Investors will still back quality businesses, strong returns and a clear story. The reforms may help more money flow, but they don’t change what investors are willing to invest in.
Meanwhile, the broader backdrop isn’t exactly making life easier. As Simon Oates from PWC pointed out, “private capital is both a powerful engine for growth and highly sensitive to uncertainty, which is slightly unfortunate, given the current abundance of it.”
He added: “The UK has been underinvesting relative to its G7 peers for decades, to the tune of around 3-4% of GDP each year. That equates to roughly £100bn annually, or about £2 trillion over time. Not a rounding error. And that gap shows up everywhere: infrastructure, technology adoption, skills, and productivity.”

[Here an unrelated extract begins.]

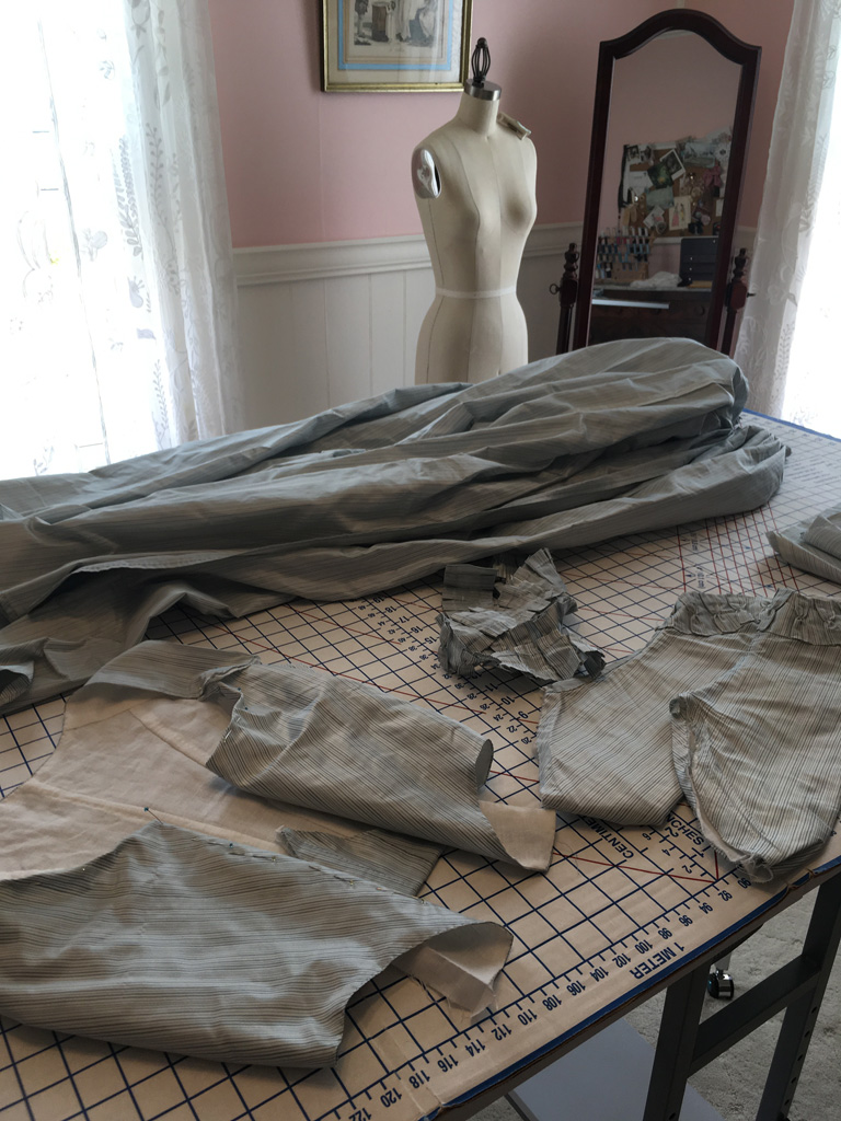 th century gown to reflect the new fashionable 1790s silhouette, copying specific alterations I’ve seen on extant gowns. In this case, I took

On top of that, there are more immediate headwinds. Geopolitical tensions are feeding into energy prices and supply chains, inflation remains unpredictable, and the cost of capital is structurally higher than it was in the “money was basically free” era. In that environment, capital doesn’t vanish, but it does become more cautious, more selective, and occasionally harder to coax into signing term sheets.
And yet, it’s not all doom and discounted valuations. Oates said: “Private equity and venture capital are playing an increasingly important role, not just providing funding, but bringing operational discipline, strategic clarity, and a willingness to back businesses through longer, messier growth journeys.”
Taken together, the UK investment picture is one of gradual alignment. The ingredients are there: strong research, improving regional ecosystems, and policy nudging capital in the right direction. The challenge is getting ambition, talent, and funding to operate at the same level and ideally at the same time.
When that happens, the upside is significant, said the panel, adding that when it doesn’t, the UK risks continuing its long-standing habit of inventing brilliant things and then watching someone else scale them. The mood, then, is not pessimistic but it is realistic. And perhaps just self-aware enough to admit that part of the problem might be in the mirror.